**TO DO:**
Word for word and without images, transcribe all of the records.

**RECORD EXTRACTS:**
<<<<
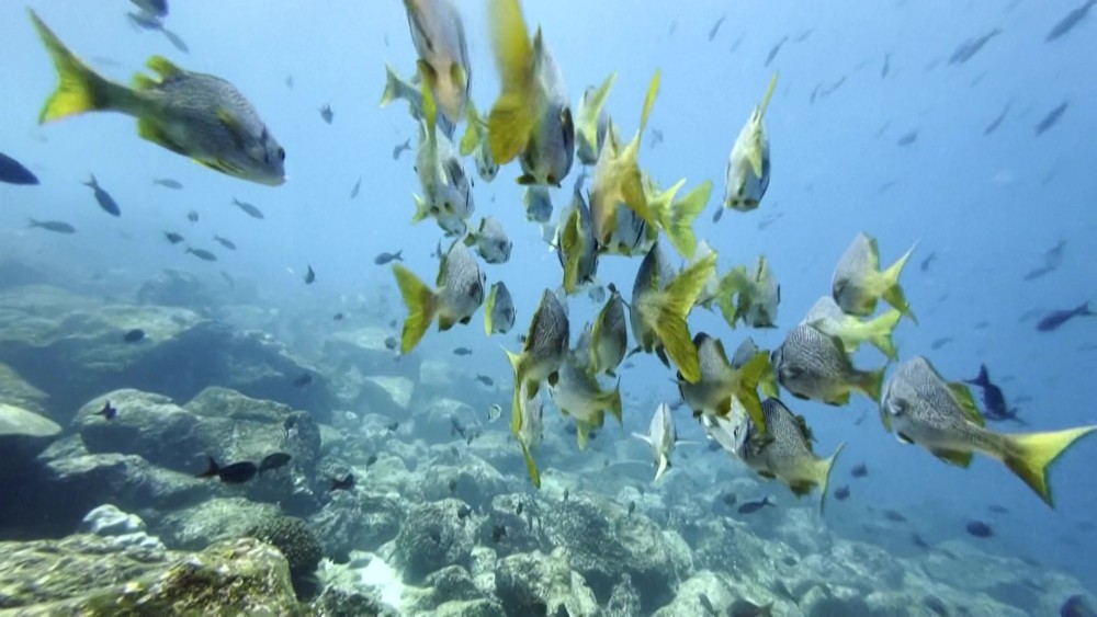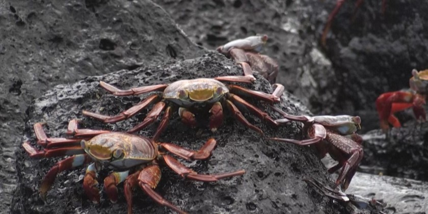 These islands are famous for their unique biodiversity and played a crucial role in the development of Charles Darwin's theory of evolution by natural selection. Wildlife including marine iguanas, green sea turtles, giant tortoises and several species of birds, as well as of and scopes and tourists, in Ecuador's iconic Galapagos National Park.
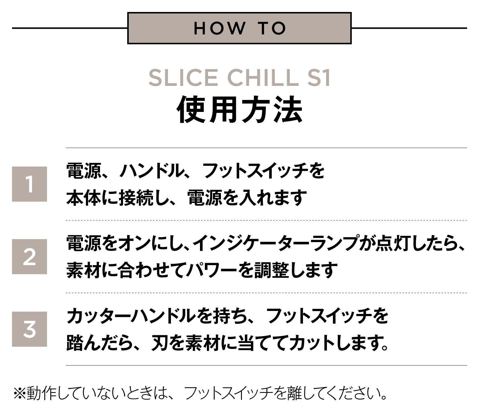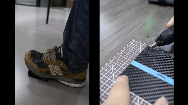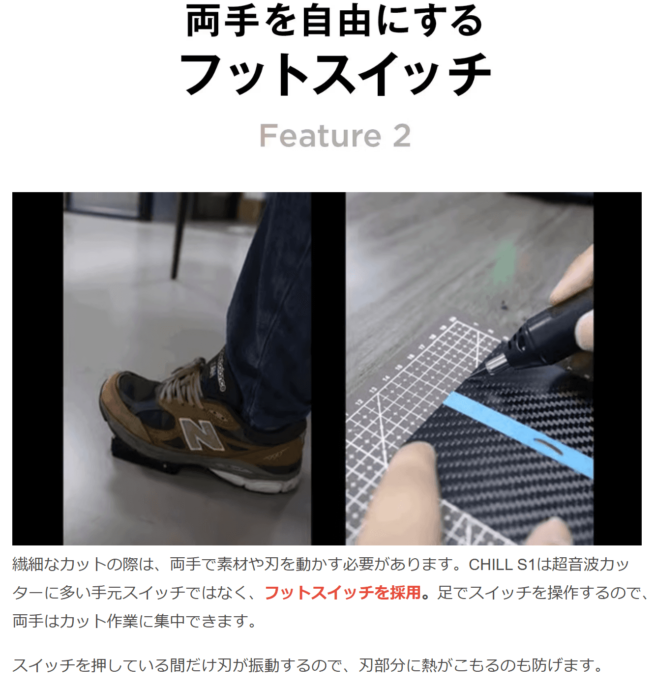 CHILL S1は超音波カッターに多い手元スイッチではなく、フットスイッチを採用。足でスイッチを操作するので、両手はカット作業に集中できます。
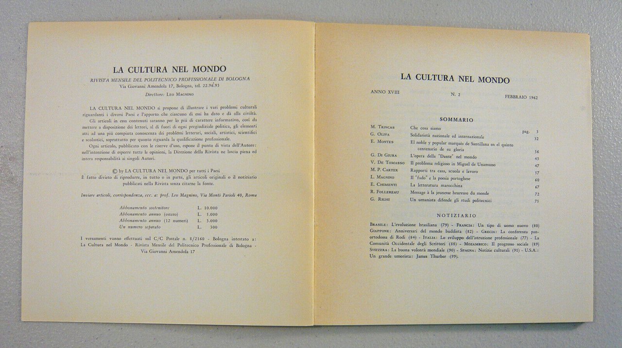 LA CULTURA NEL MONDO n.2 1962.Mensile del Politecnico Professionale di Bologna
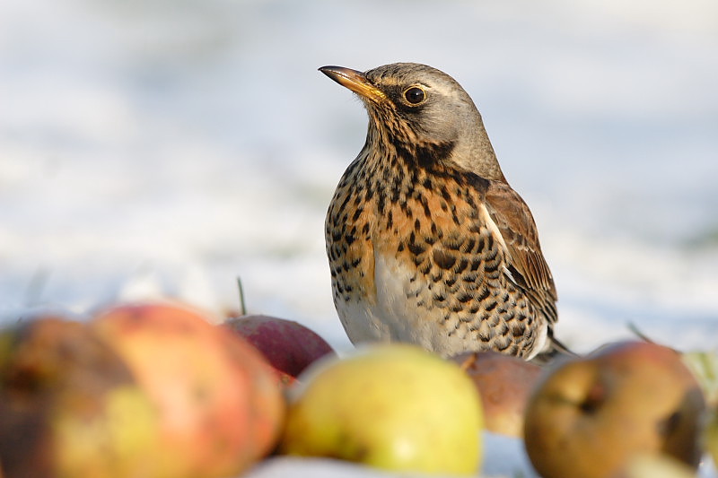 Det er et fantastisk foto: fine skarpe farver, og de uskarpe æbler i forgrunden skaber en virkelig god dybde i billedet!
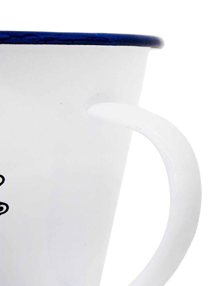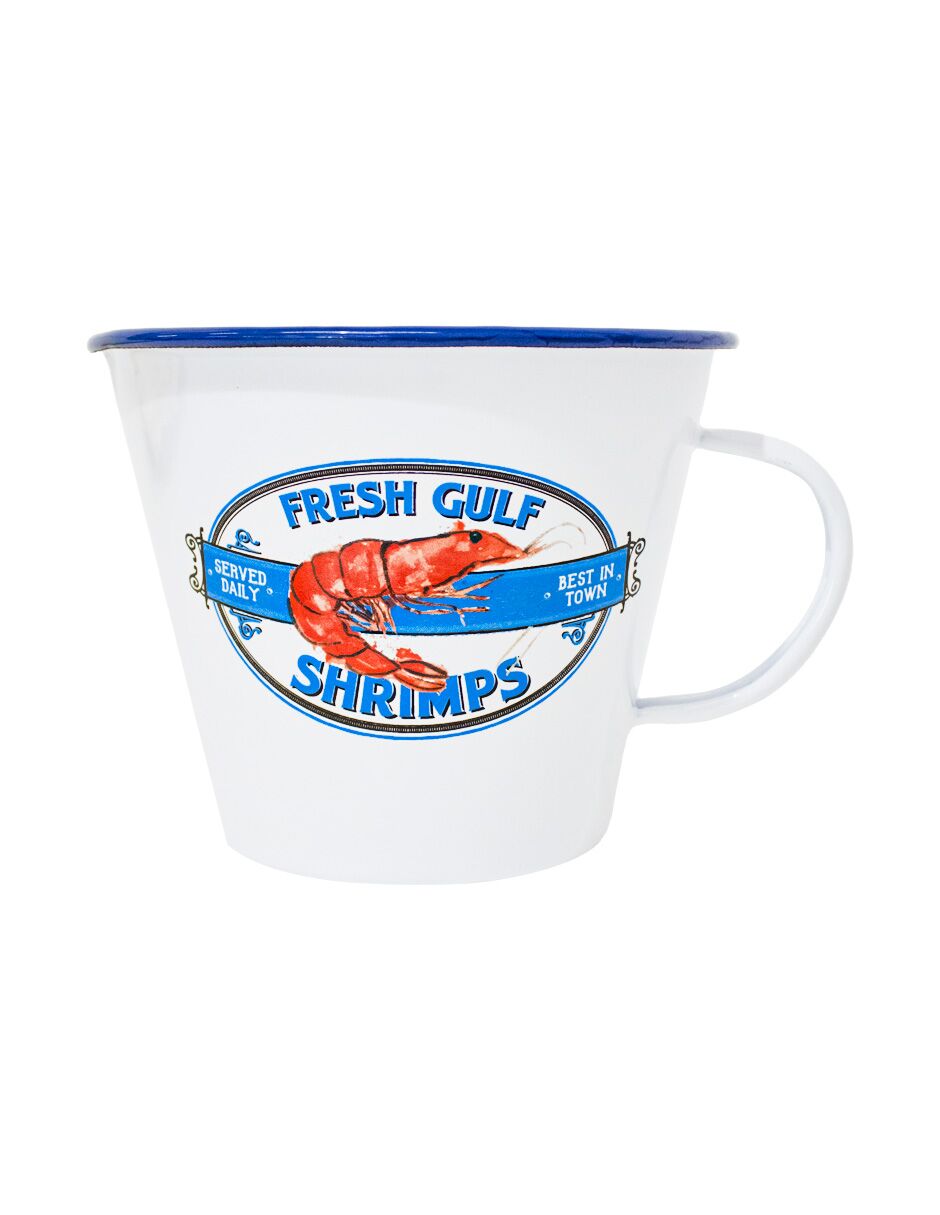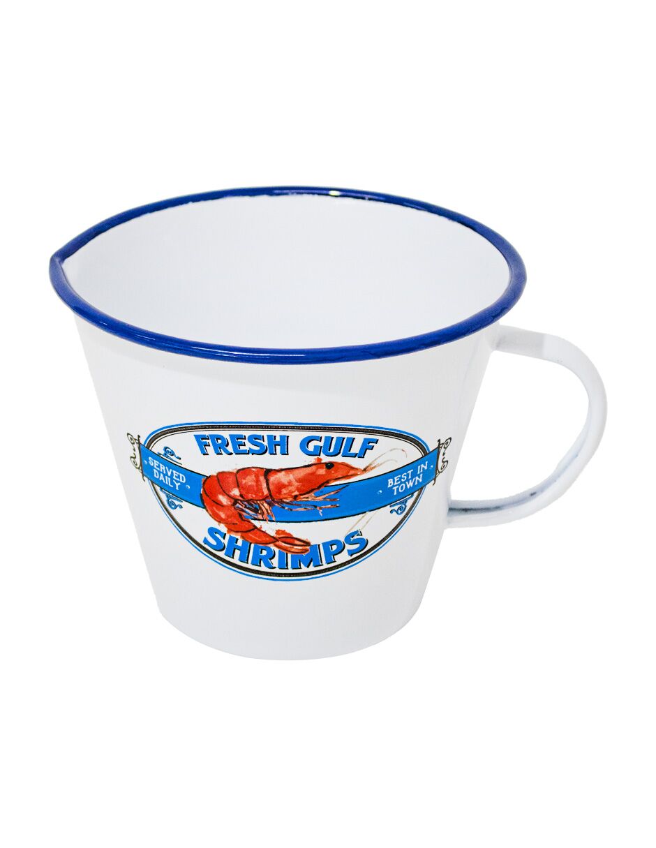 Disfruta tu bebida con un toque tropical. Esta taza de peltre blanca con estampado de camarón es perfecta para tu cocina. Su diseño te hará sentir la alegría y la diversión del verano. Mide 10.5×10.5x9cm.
>>>>
**ANSWER SPACE:**
 These islands are famous for their unique biodiversity and played a crucial role in the development of Charles Darwin's theory of evolution by natural selection. Wildlife including marine iguanas, green sea turtles, giant tortoises and several species of birds, as well as of and scopes and tourists, in Ecuador's iconic Galapagos National Park.
 CHILL S1は超音波カッターに多い手元スイッチではなく、フットスイッチを採用。足でスイッチを操作するので、両手はカット作業に集中できます。
 LA CULTURA NEL MONDO n.2 1962.Mensile del Politecnico Professionale di Bologna
 Det er et fantastisk foto: fine skarpe farver, og de uskarpe æbler i forgrunden skaber en virkelig god dybde i billedet!
 Disfruta tu bebida con un toque tropical. Esta taza de peltre blanca con estampado de camarón es perfecta para tu cocina. Su diseño te hará sentir la alegría y la diversión del verano. Mide 10.5×10.5x9cm.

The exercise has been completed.